▼

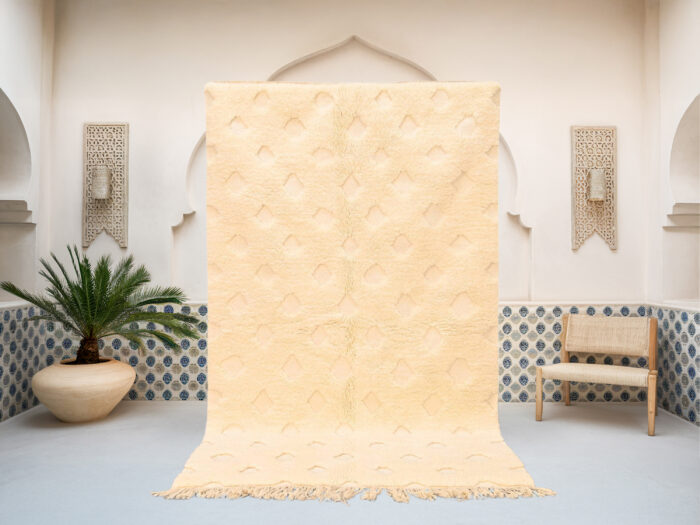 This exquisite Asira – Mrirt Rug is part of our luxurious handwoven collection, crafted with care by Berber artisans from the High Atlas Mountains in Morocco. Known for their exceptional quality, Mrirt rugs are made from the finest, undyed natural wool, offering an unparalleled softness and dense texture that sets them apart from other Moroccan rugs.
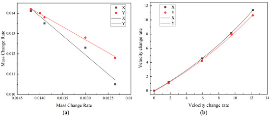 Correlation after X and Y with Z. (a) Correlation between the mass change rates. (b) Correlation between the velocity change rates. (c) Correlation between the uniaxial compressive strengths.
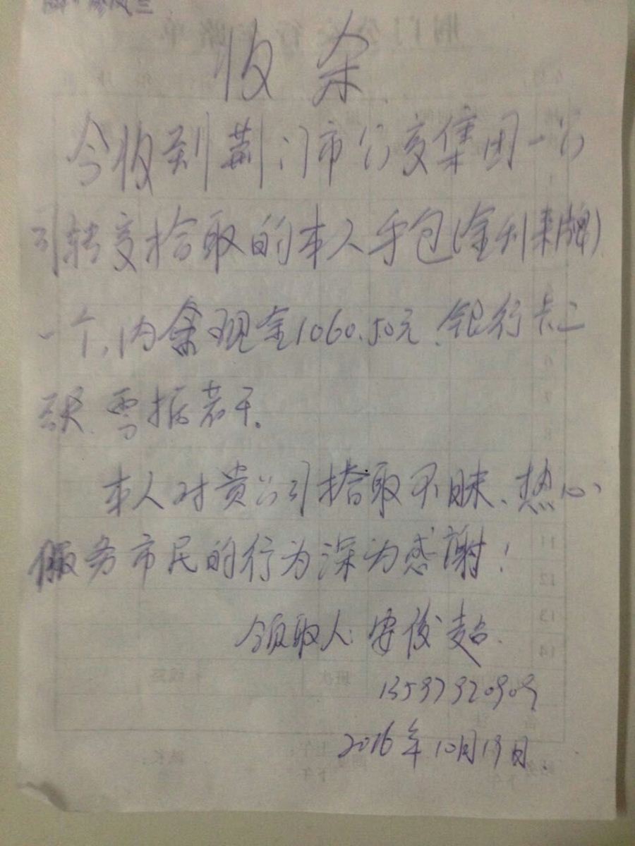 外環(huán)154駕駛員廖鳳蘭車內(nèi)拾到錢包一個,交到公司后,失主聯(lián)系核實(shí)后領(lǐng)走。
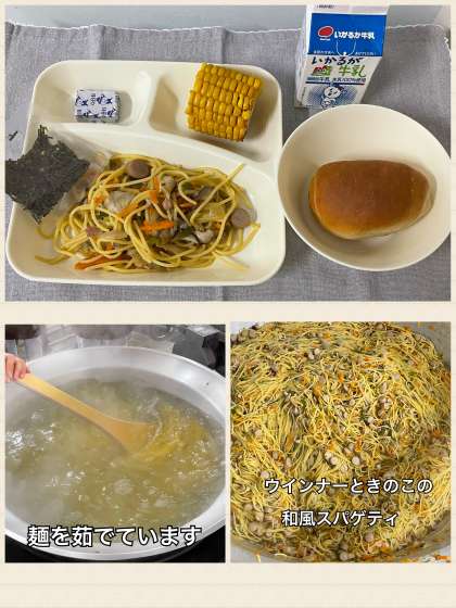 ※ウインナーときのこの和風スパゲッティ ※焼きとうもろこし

▲
▼

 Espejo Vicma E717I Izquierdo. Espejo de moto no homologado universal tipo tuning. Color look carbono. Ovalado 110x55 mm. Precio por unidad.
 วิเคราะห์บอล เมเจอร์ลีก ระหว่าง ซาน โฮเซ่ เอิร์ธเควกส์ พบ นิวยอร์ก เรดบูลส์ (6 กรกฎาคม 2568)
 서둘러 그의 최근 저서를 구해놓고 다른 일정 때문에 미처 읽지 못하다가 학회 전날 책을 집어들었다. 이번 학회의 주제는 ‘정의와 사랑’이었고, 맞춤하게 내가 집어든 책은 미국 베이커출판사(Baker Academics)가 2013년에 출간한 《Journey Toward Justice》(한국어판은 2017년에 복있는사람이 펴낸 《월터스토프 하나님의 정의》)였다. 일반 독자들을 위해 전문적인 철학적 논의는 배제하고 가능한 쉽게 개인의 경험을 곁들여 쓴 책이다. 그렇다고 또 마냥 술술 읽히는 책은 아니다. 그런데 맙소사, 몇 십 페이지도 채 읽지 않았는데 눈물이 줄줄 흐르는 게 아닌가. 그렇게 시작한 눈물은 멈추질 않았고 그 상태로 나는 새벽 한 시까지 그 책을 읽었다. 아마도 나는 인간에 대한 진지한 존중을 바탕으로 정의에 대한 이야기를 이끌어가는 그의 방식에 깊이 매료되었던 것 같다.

▲

- _WHAT YOU ARE ASKED TO DO_: Going down the listing above, begin printing at the line with "Espejo Vicma E717I" and finish with the line with "วิเคราะห์บอล เมเจอร์ลีก ระหว่าง", exactly as they appear.

- _EXERCISE RESPONSE_:
 Espejo Vicma E717I Izquierdo. Espejo de moto no homologado universal tipo tuning. Color look carbono. Ovalado 110x55 mm. Precio por unidad.
 วิเคราะห์บอล เมเจอร์ลีก ระหว่าง ซาน โฮเซ่ เอิร์ธเควกส์ พบ นิวยอร์ก เรดบูลส์ (6 กรกฎาคม 2568)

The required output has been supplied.